2016-06-30
TEL AVIV, July 19 - Michelita de los Reyes is a Catholic by faith, a maid by profession and a Filipina by citizenship. She also is part of a demographic phenomenon that could make Jews a minority in Israel by the end of the next decade.

A 37-year-old mother of three from the Philippines island of Palawan, Reyes mingles easily with the Thais, Chinese, Africans and eastern Europeans who gather Sundays at Tel Aviv's Central Bus Terminal to exchange grievances, job hunting tips and experiences.

They and thousands of other foreign workers not only give Tel Aviv a cosmopolitan look, they also are changing a nation whose Zionist founders hardly envisaged a demographic explosion of non-Jews.

The kibbutz and moshav farming communities of today's Israel rely almost entirely on foreign labor, a far cry from the days when working on the kibbutz was part of the Jewish pioneering spirit and kibbutzniks were considered members of the elite.

Today even middle-class Israelis can afford to hire a foreign housekeeper such as Reyes.

Ayoub Karaa, head of the Knesset Committee for Foreign Workers, estimates this foreign work force - two-thirds of whom, Reyes included, are unregistered - may already number as many as half a million, or 9 percent of Israel's population. Others put the figure at 300,000.
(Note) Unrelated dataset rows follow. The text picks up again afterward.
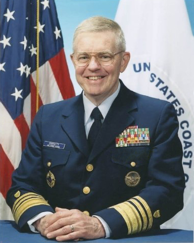 Official photo of VADM Thomas J. Barrett, USCG
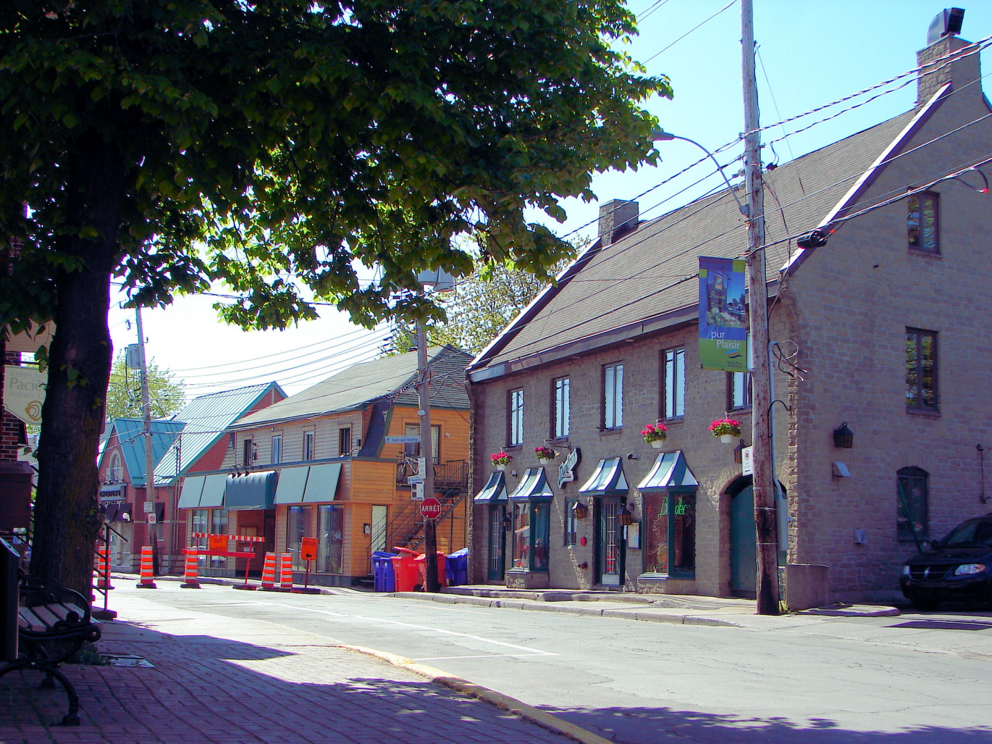 Ste-Anne Street in Sainte-Anne-de-Bellevue, Quebec, Canada
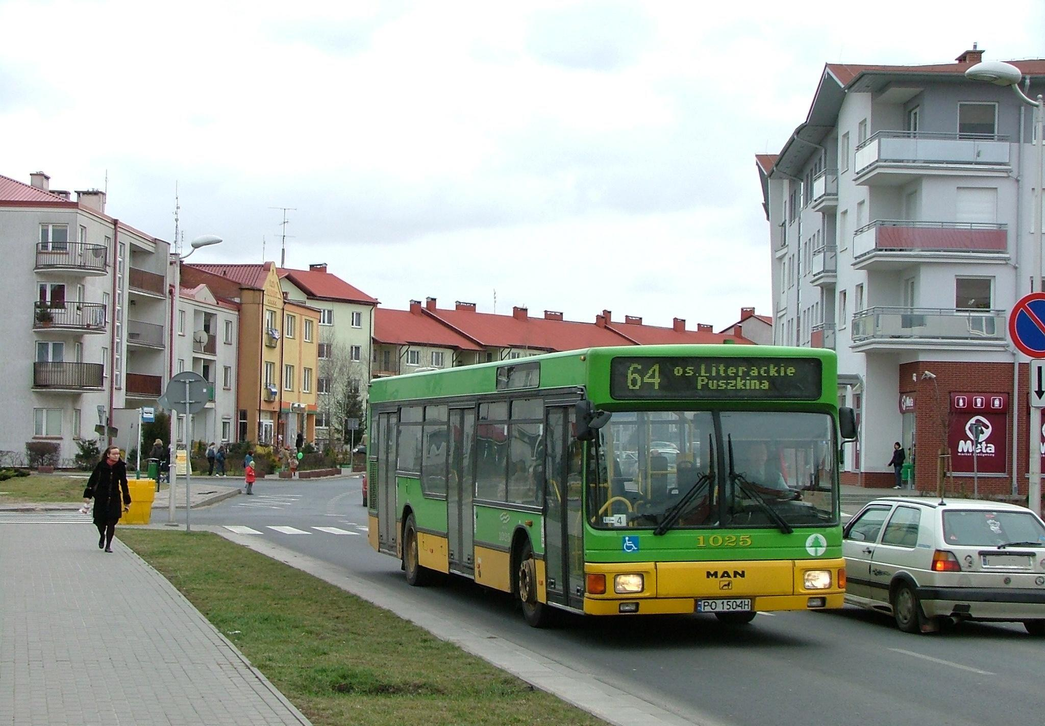 MAN NL202 (#1025) on Literackie District, Poznań, Poland. Built 1996, MPK Poznań operator.
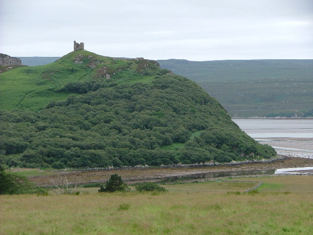 Caisteal Bharraich, Tongue, Scotland. Caisteal Bharriach on the headland serene above the Kyle of Tongue.
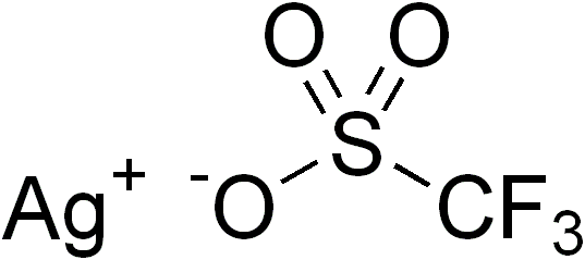 chemical structure of silver triflate (silver trifluoromethanesulfonate)
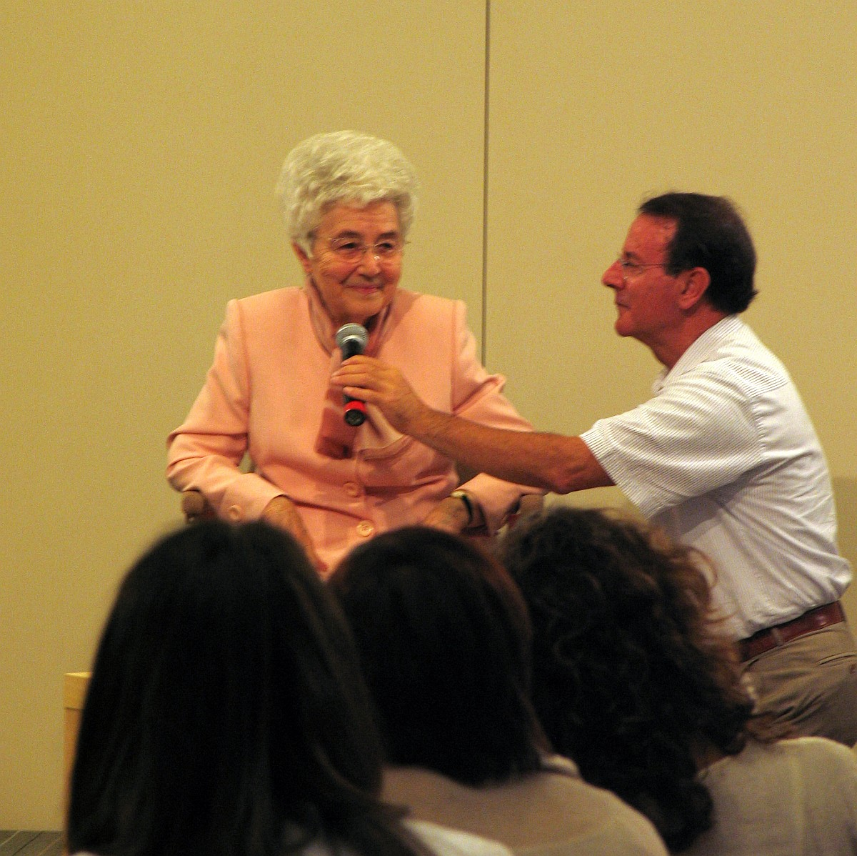 Chiara Lubich at one of her last public appearances. She spoke to 150 young artists in the Centro Mariapoli of Castelgandolfo.
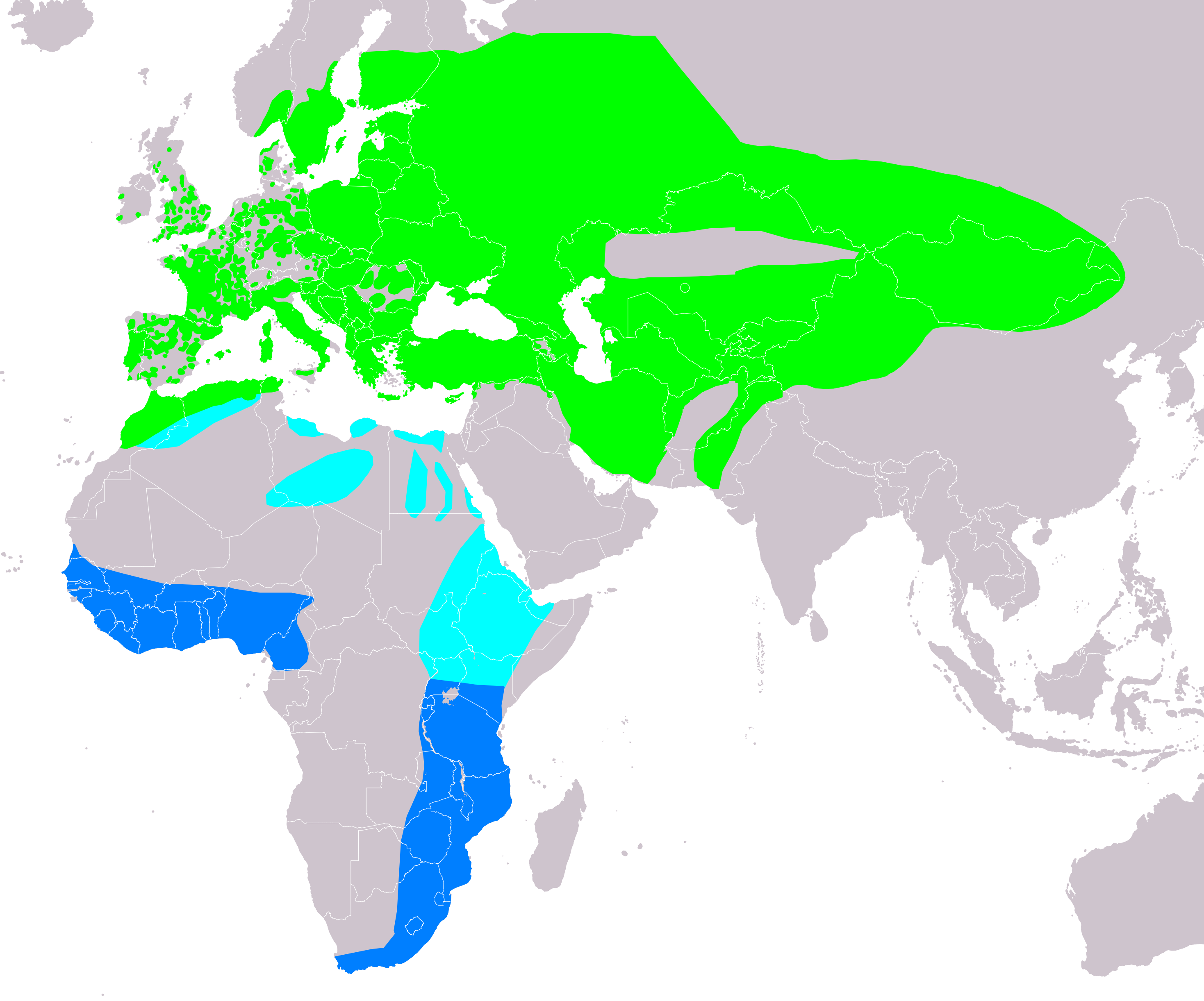 Distribution map of european nightjar (Caprimulgus europaeus) according to IUCN version 2019-2 ; key: Legend: Extant, breeding (#00FF00), , Extant, passage (#00FFFF), Extant, non-breeding (#007FFF)
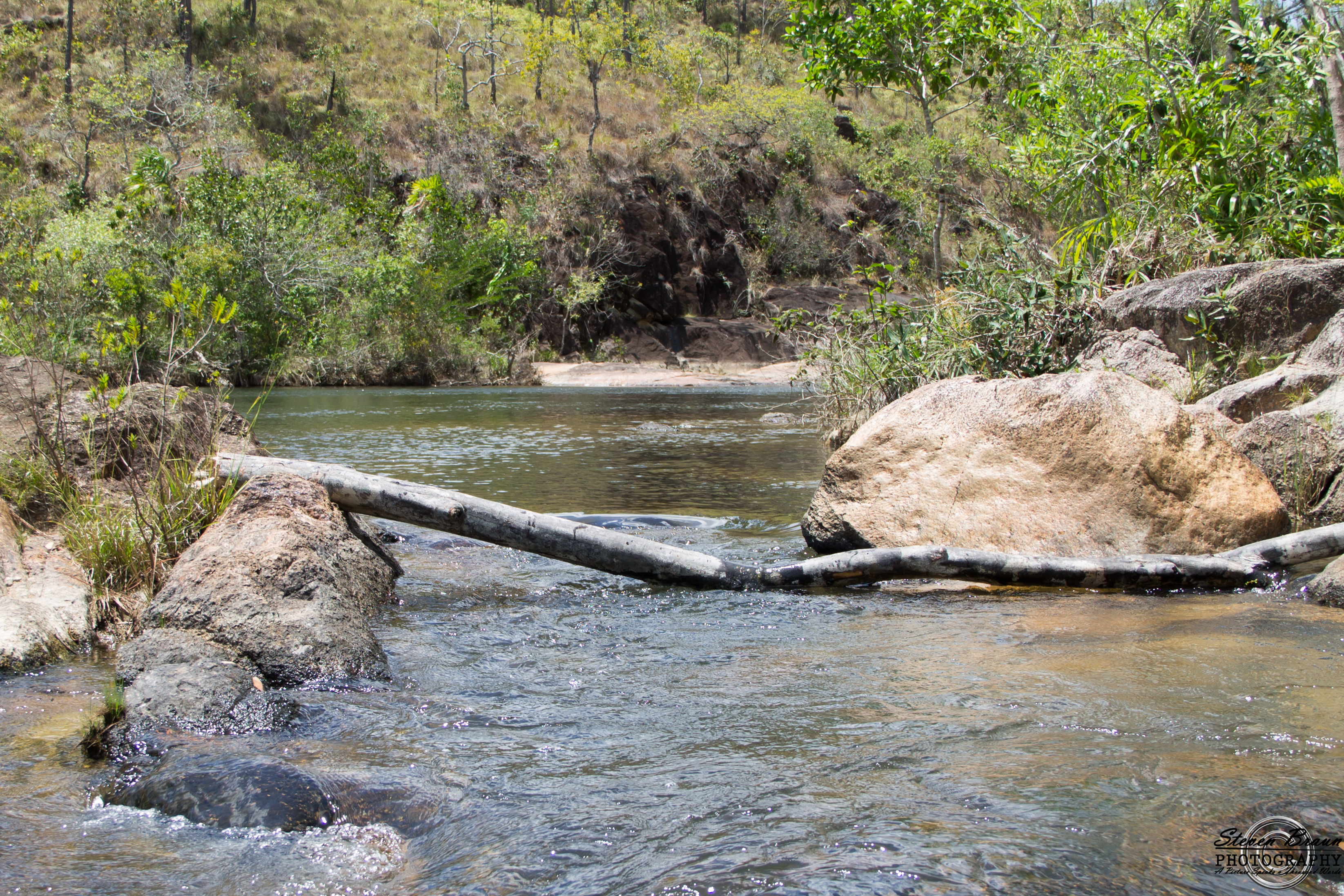 Peaceful Water Pool
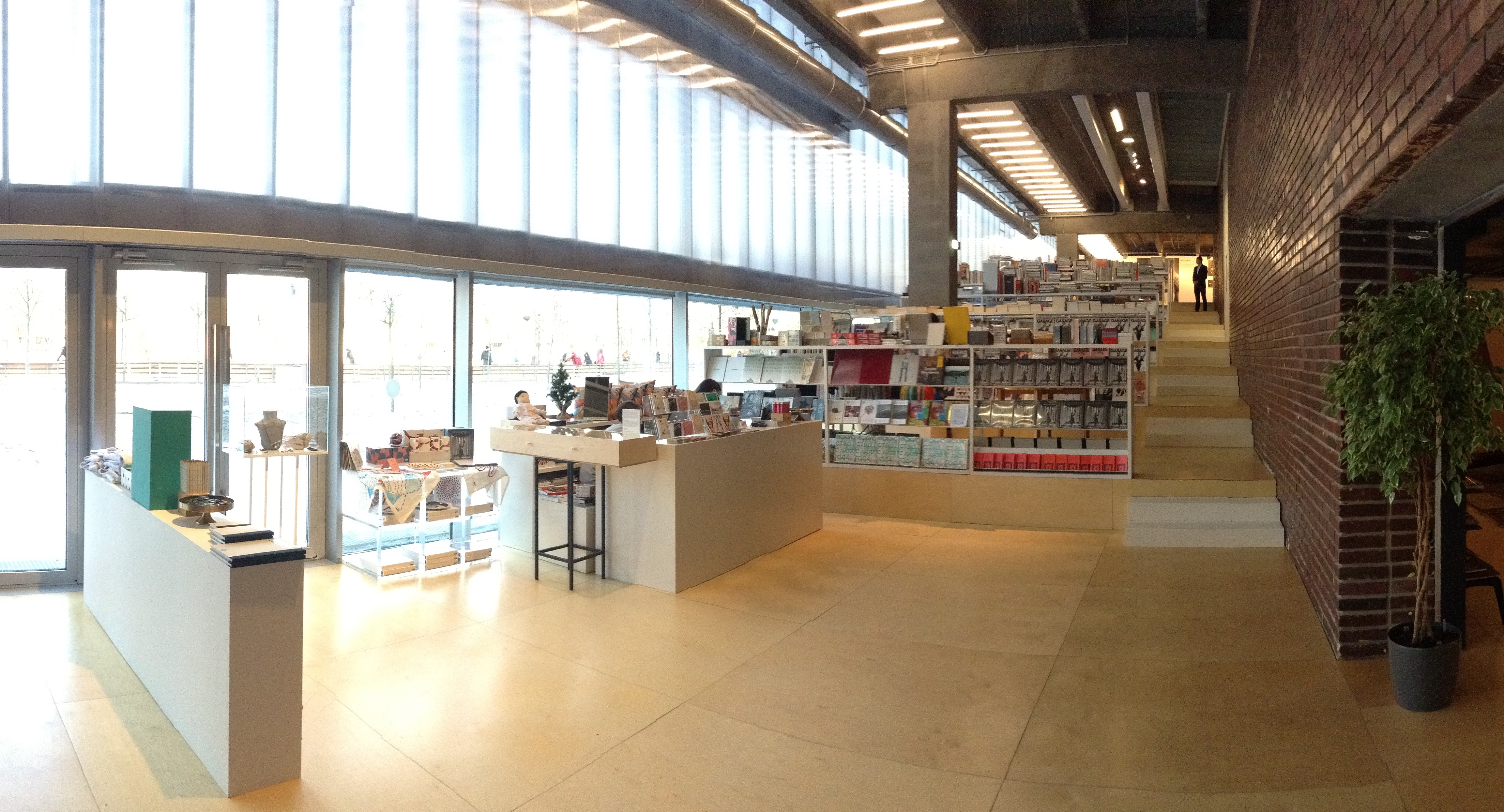 Book Shop of Museum of Contemporary Art "Garage".
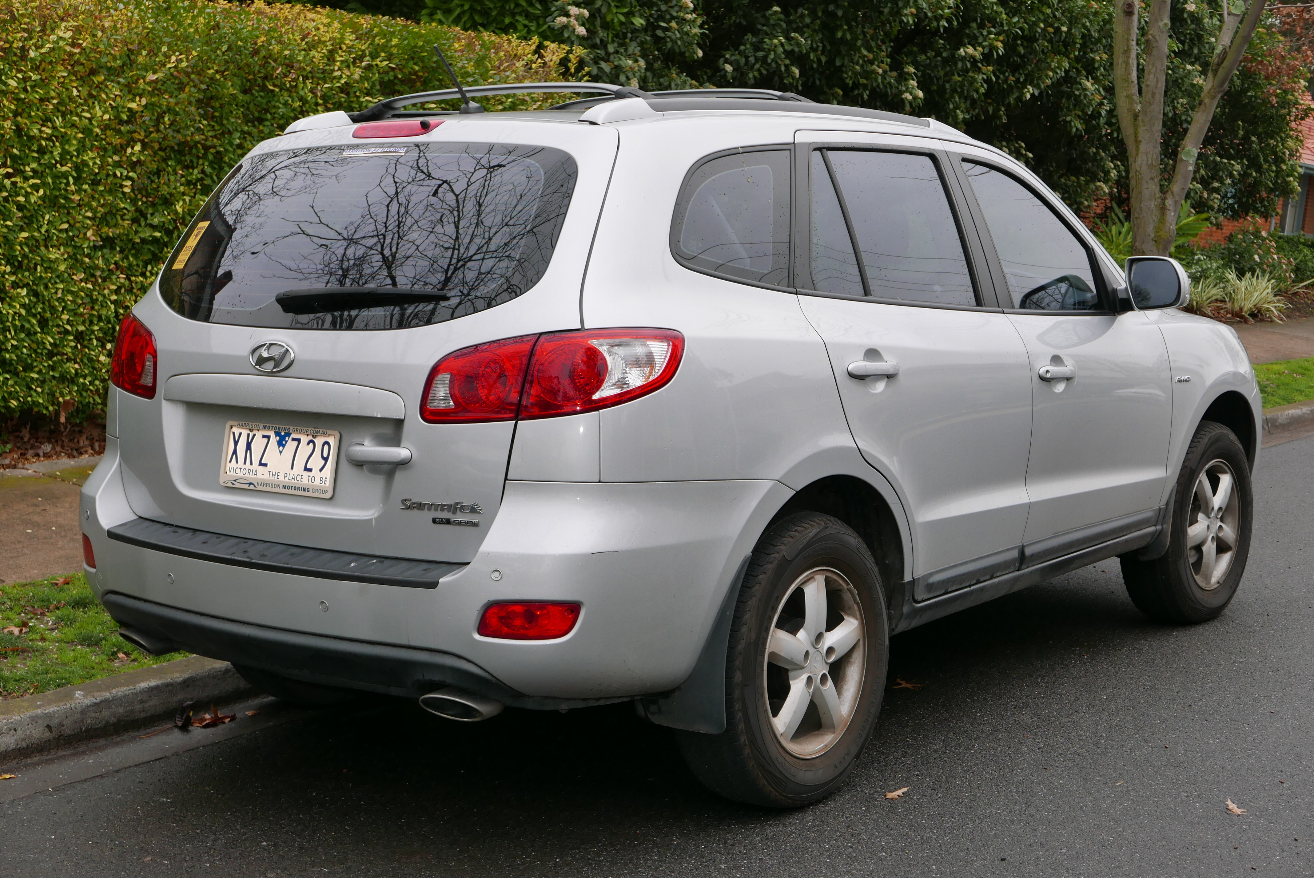 2009 Hyundai Santa Fe (CM MY09) SLX CRDi wagon. Photographed in Ivanhoe, Victoria, Australia. Vehicle registration enquiry resultsJurisdictionVictoriaRegistrationXKZ729Chassis codeKMHSH81WR9U469136Engine codeD4EB8721885Compliance date2009-04Year of manufacture2009

"I've been warning people without success that Jews in Israel will become a minority. It could happen by the year 2020. But this is too weird a concept for Israelis to accept," said Karaa, who is not Jewish.

Arnon Sofer, Israel's leading demographer, warns that foreign workers are "only the last straw" of what he calls "a catastrophe-in-the-making." Sofer says that of the 10 million inhabitants in Israel, the West Bank and the Gaza Strip, 5 million are Jews, 4 million Palestinians, 1 million Russians and as many as 300,000 foreign workers.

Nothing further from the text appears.